METHODS We used the 2014 National Readmissions Database to identify adult patients hospitalized with acute cholangitis who underwent therapeutic ERCP within one week of admission. Early ERCP was defined as ERCP performed on the same day of admission or the next day (days 0 or 1, < 48 h), and late ERCP was performed on days 2 to 7 of admission. Patients with severe cholangitis had any of the following additional diagnoses: Severe sepsis, septic shock, acute renal failure, acute respiratory failure, or thrombocytopenia. Multivariate logistic regression was used to calculate the adjusted odds of association of ERCP timing with in-hospital mortality, 30-d mortality, and 30-d readmissions, controlling for age, sex, severe disease and comorbidities.
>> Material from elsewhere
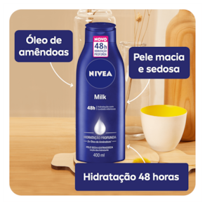 A Loção Hidratante NIVEA Milk usa ingredientes cuidadosamente selecionados para equilibrar a pele de maneira prolongada e sem irritar as dermes sensibilizadas pelo ressecamento. Sua fórmula conta com 2 vezes mais Óleo de Amêndoas. Ainda possui uma fórmula cremosa e de rápida absorção que evita a perda de umidade.
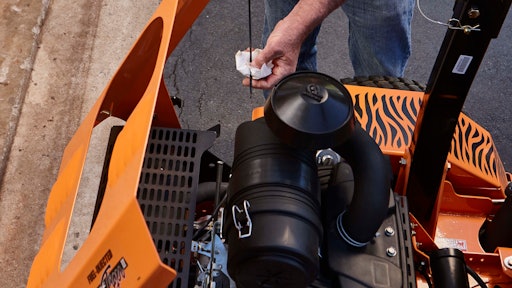 “Use a premium oil that is recommenced for the engine,” Miller says. “As an example, Vanguard oil is a full-synthetic oil that will maintain the engine life in the toughest of commercial environments. We do not recommend using automotive oil, since automotive oil is not specially-formulated for small engines.”

RESULTS Four thousand five hundred and seventy patients satisfied the inclusion criteria; with a mean age of 64.1 years. Of these, 66.6% had early ERCP, while 33.4% had late ERCP. Early ERCP was associated with lower in-hospital mortality [1.2% vs 2.4%, adjusted odds ratio (aOR) = 0.50, 95%CI: 0.76-0.83, P = 0.001] and lower 30-d mortality (1.5% vs 3.3%, aOR = 0.48, 95%CI: 0.33-0.69, P < 0.0001) compared to the late ERCP group. Similarly, early ERCP was associated with lower 30-d readmissions (9.7% vs 15.1%, aOR = 0.58, 95%CI: 0.49-0.7, P < 0.0001). When stratified by severity of cholangitis, there was a similar benefit of early ERCP on all outcomes in those with and without severe cholangitis. The mean length of stay was higher in the late ERCP group compared to the early ERCP group (6.9 d vs 4.5 d, P < 0.0001). The mean hospitalization cost was higher in the late ERCP group ($21459 vs $16939, P < 0.0001).
CONCLUSION Early ERCP is associated with lower in-hospital and 30-d mortality in those with or without severe cholangitis. Regardless of severity, we suggest performing early ERCP.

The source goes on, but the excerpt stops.